Tek Yön Finlandiya

Uzun süredir istemli ya da farkındalıksızca yazmaya yabancılaşıyorum. Şu an yazıyor olma sebebimse çaresizlik. Uçağıma bir buçuk saat var. Sorgudan taze çıktım? Ne anarşist eylemlerden ne pasifist direnişten. Benim her uzağına düştüğümde güzelliğini anladığım ülkemi kasıp kavuran yeni gündemden. Ve iddiaya göre tatmin etmeyen özel hayatıma ilişkin cevaplar ile bir sosyoloji mezunu olarak nasıl uzmanı olmadığım!? beden dilinden. Saçma sapan sorgu kısmını geçiyorum. (Evet gerçekten odaya çekildim.)

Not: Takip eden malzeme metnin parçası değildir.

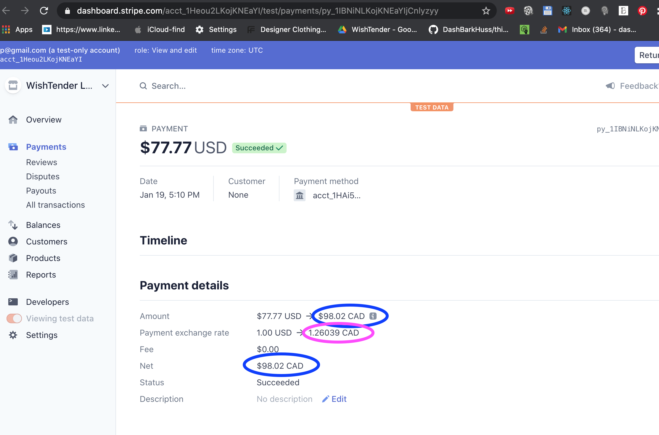我的平台是美元。在这个具体的例子中,Connect帐户以CAD (加拿大元)为单位。当有人从这个CAD连接帐户购买一个项目时,Stripe将钱放在我的平台帐户中,将我的应用程序费用留在那里,然后将正确的金额移动到CAD Connect帐户中。它将此金额转换为CAD。在条形图形用户界面中,我可以找到在中转移的和汇率,如下面的截图所示。但是我在中找不到这些属性。
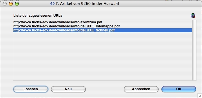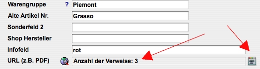 Diese Option ermöglicht es mehrere Verweise zu einem Artikel zu hinterlegen. Es können z.B. PDF Dateien und Verlinkungen auf einen Webserver angegeben werden.

 Karşıma aldığım 67. kapının önünden Avrupa'daki tüm kilise duvarlarından yetişkinlik evreleri fırlamışçasına melekler geçiyor. Antalya’nın yakan sıcağında kavrulmuş tenleriyle sarışın kadınlar, çocuklar, ve Türkiyeli kocalar. Telaşsızca uçaklarını bekliyorlar. Bense daha önce hiç tatmadığım duyguları izlemliyorum. Üzerimde bir ağırlık, kafam ağır, gözlerim ağır, yaşlarım ağır, yeni bir coğrafyaya; Finlandiya’ya gidişime dakikaları sayıyorum. O kadar dolmuşum ki çabalayıp düşmekten, anlatmaktan, başvurmaktan, konuşmaktan ve şu ana kadar karşılığını alamadığım mektuplar yollamaktan… İçime hayatımı  farklı bir yöne savurabilmenin hafifliğinin oturabilmesi için tüm ağırlıkları bir bir kahkaha yaşlarıyla fırlatmam gerekiyor. Sanki saatlerce salya sümük ağlayabilirmişim gibi; ama tabii, eyeliner’ımın akmasını istemem!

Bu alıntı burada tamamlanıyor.